◆ Task to carry out ◆
Without copying any picture, transcribe exactly the lines of the data below from the one containing "专业的选择没有太多犹豫,古代" through the one containing "در قسمت چپ این".

◆ Provided data ◆
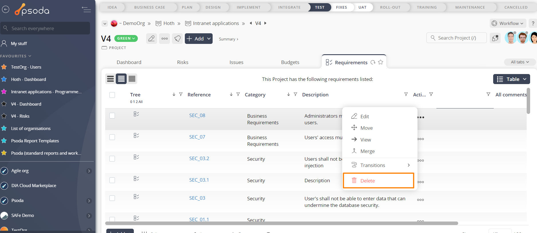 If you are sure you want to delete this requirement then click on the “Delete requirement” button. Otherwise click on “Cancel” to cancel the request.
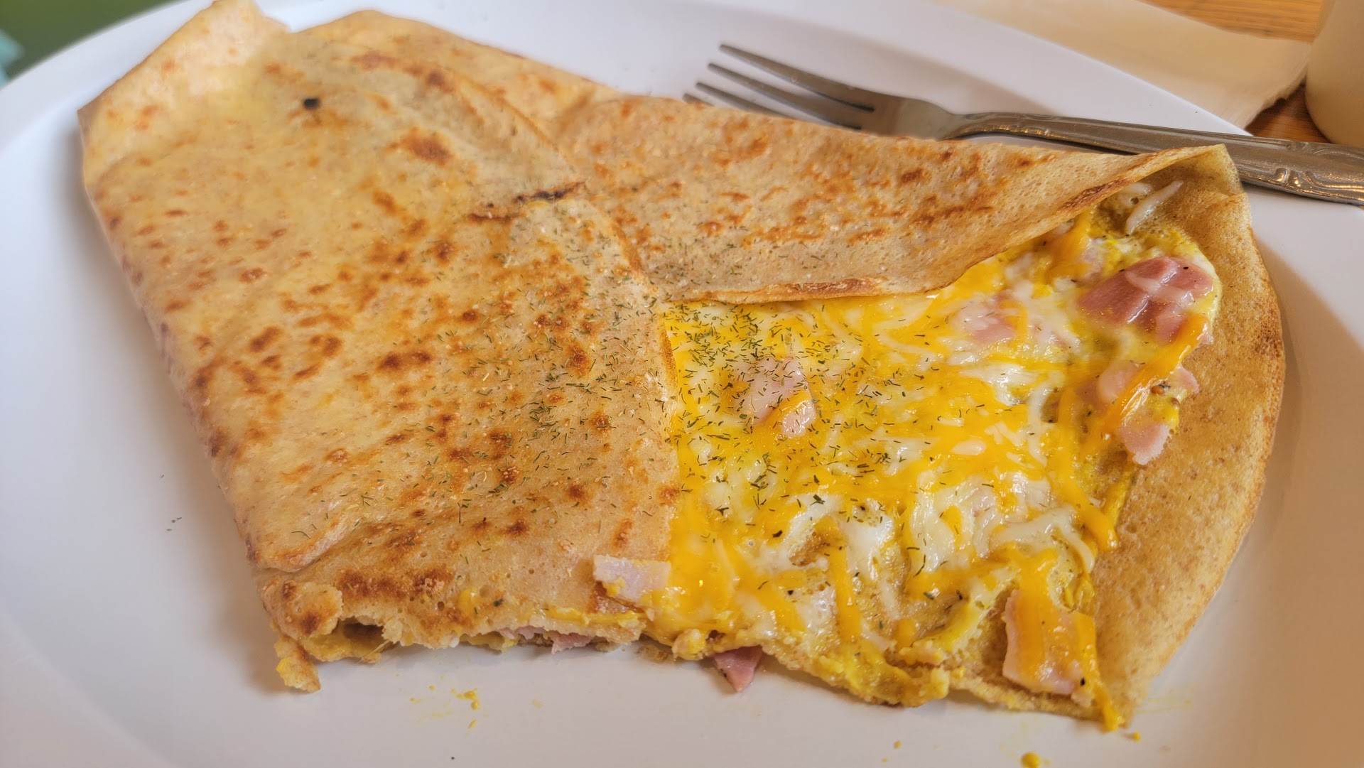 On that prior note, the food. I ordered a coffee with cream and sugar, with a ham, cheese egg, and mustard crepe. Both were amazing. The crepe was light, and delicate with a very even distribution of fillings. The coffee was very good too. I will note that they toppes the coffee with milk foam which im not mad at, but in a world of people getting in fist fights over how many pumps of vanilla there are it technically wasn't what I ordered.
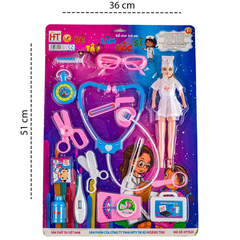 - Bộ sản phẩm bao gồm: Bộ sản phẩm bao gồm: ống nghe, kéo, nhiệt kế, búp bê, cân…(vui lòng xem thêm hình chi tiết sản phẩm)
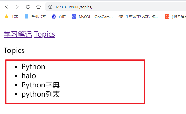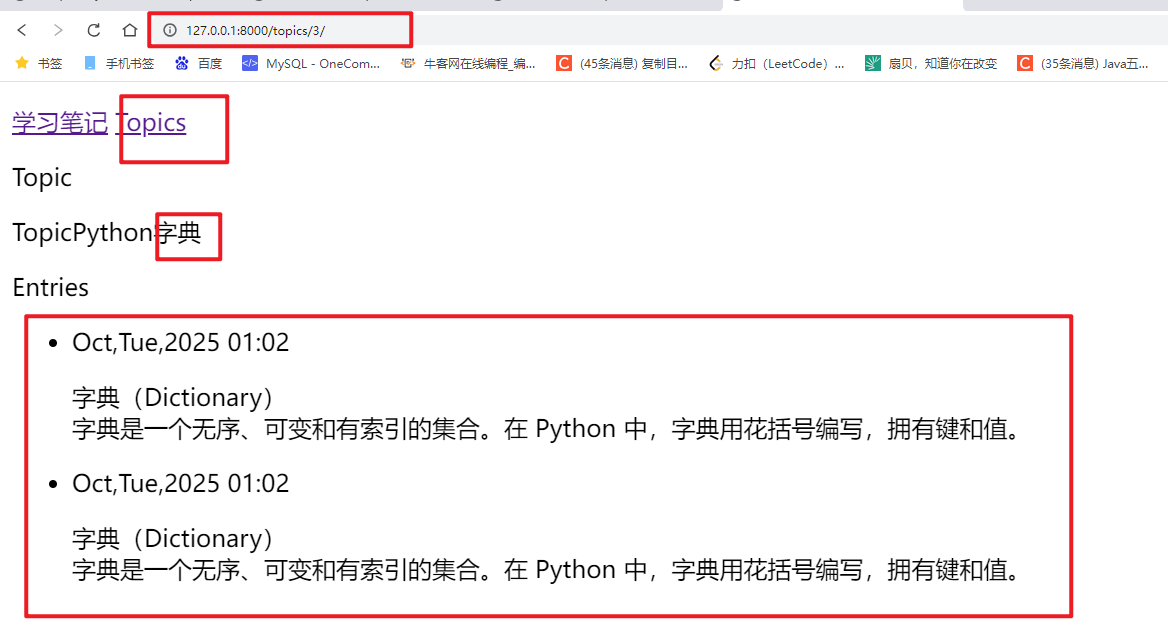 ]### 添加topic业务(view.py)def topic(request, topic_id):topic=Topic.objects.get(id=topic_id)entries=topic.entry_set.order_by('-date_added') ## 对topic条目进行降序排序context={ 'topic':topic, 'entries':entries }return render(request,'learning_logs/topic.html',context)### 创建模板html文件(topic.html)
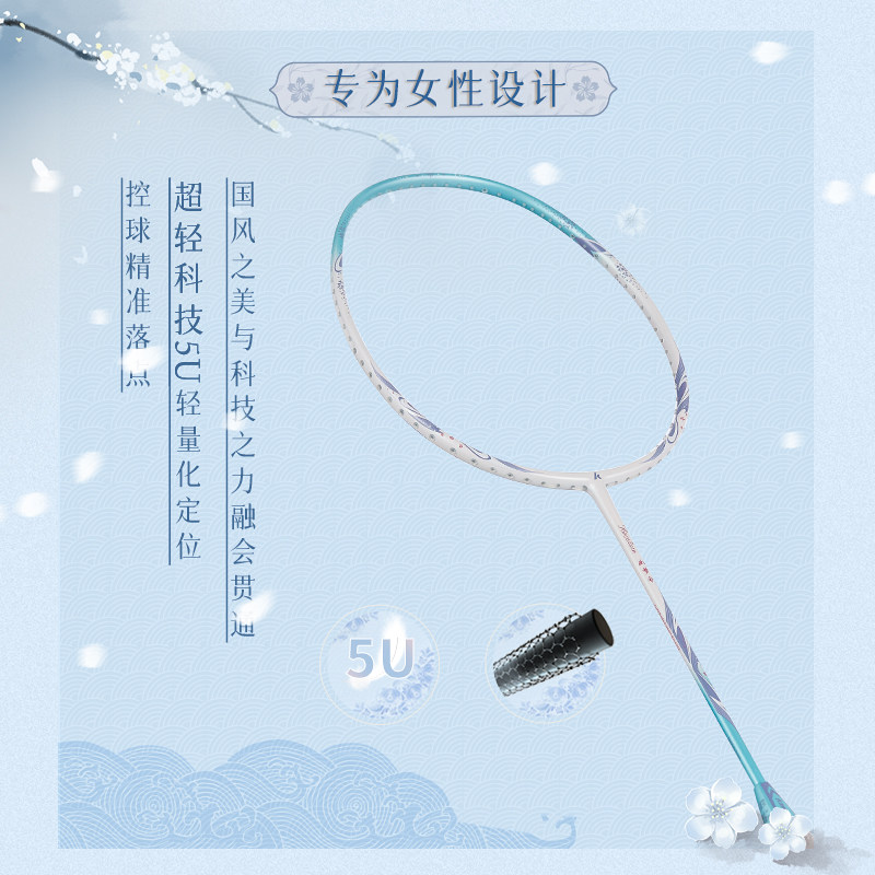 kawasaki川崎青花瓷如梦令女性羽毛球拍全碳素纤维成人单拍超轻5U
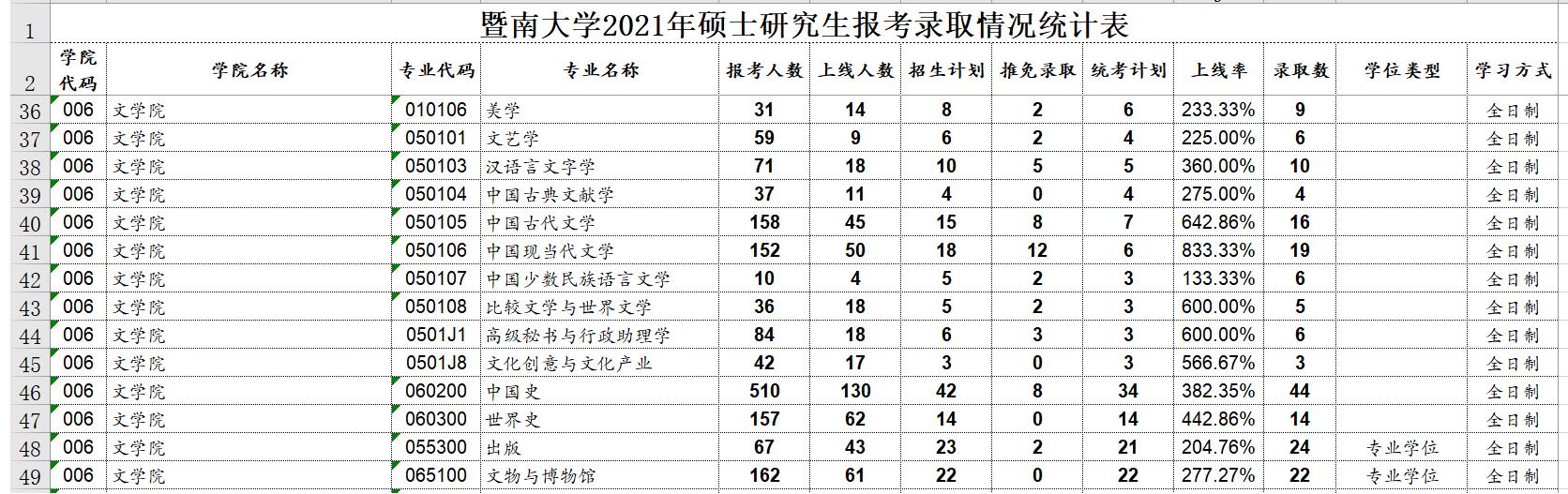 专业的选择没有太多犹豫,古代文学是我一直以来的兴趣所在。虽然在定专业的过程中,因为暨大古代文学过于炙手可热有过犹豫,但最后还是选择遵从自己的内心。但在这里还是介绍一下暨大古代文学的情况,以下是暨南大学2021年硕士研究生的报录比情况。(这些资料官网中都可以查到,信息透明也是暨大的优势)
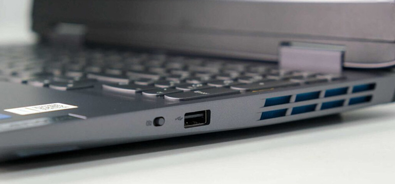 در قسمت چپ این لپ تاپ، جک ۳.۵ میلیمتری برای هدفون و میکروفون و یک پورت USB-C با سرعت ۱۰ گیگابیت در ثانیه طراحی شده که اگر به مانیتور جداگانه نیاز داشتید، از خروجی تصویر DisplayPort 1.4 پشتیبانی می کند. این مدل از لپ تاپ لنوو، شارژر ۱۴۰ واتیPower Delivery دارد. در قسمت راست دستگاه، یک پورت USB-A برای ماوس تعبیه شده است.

==

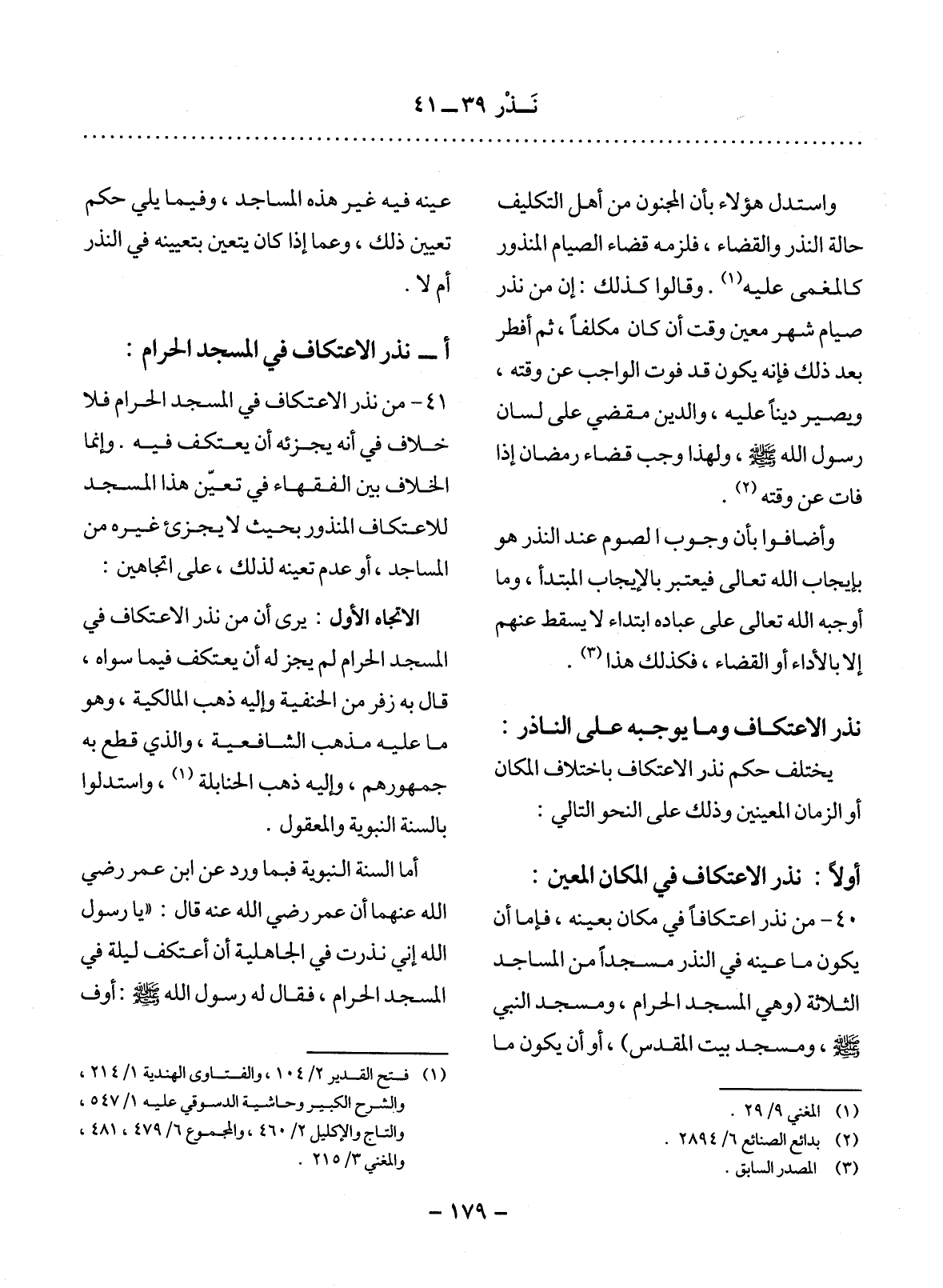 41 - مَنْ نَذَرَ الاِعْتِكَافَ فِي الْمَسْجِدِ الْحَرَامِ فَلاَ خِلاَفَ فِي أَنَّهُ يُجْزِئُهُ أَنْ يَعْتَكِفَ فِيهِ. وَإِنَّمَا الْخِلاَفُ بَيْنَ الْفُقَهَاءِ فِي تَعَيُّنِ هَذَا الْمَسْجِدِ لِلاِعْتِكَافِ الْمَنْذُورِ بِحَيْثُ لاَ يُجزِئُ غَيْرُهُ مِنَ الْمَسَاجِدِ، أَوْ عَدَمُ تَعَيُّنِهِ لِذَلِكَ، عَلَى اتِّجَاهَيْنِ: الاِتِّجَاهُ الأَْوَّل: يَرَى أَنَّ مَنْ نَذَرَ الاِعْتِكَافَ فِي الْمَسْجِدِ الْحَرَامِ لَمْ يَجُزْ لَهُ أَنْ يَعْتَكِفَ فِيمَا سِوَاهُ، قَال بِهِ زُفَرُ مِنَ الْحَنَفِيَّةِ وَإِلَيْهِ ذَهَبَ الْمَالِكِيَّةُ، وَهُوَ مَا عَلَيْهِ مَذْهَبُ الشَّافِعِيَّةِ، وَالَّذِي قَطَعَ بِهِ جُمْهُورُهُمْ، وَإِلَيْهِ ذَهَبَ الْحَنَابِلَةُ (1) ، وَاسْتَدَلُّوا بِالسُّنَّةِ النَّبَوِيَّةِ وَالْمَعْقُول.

* * *

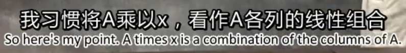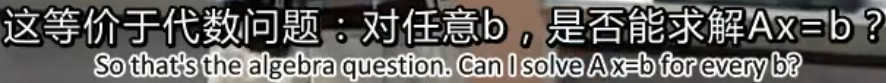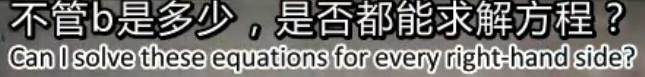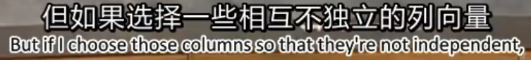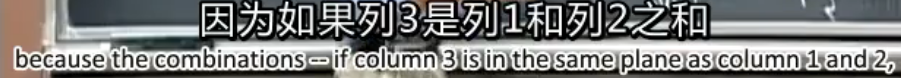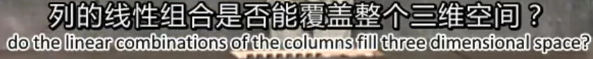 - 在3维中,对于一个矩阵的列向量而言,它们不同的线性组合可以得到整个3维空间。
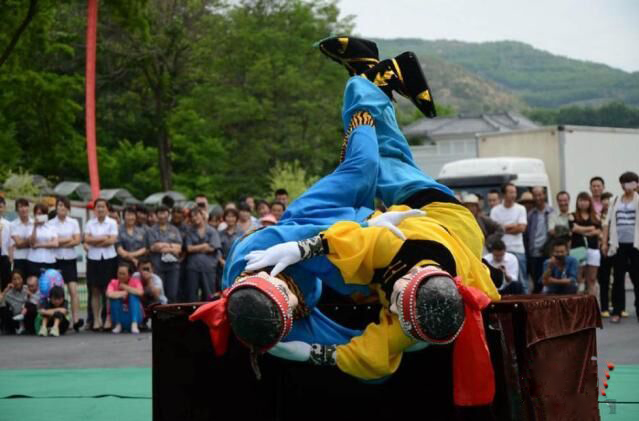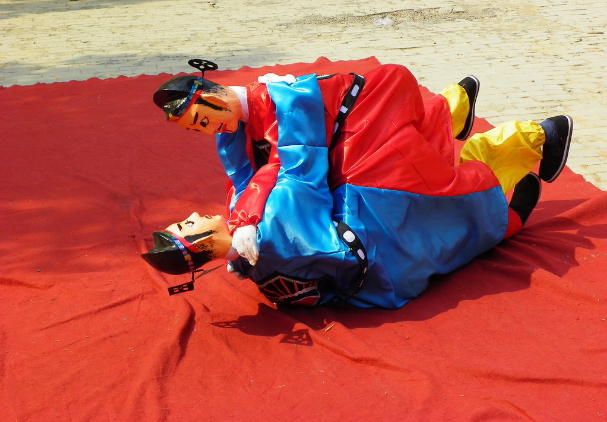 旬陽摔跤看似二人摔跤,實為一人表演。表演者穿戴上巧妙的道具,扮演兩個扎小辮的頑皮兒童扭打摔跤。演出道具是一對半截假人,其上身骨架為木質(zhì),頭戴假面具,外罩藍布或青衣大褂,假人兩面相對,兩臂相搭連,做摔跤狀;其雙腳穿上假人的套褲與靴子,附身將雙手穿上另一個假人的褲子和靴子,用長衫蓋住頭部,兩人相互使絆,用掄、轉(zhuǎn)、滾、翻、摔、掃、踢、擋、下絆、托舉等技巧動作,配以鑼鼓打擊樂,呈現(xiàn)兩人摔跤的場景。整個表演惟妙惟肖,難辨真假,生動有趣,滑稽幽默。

◆ Your response ◆
 专业的选择没有太多犹豫,古代文学是我一直以来的兴趣所在。虽然在定专业的过程中,因为暨大古代文学过于炙手可热有过犹豫,但最后还是选择遵从自己的内心。但在这里还是介绍一下暨大古代文学的情况,以下是暨南大学2021年硕士研究生的报录比情况。(这些资料官网中都可以查到,信息透明也是暨大的优势)
 در قسمت چپ این لپ تاپ، جک ۳.۵ میلیمتری برای هدفون و میکروفون و یک پورت USB-C با سرعت ۱۰ گیگابیت در ثانیه طراحی شده که اگر به مانیتور جداگانه نیاز داشتید، از خروجی تصویر DisplayPort 1.4 پشتیبانی می کند. این مدل از لپ تاپ لنوو، شارژر ۱۴۰ واتیPower Delivery دارد. در قسمت راست دستگاه، یک پورت USB-A برای ماوس تعبیه شده است.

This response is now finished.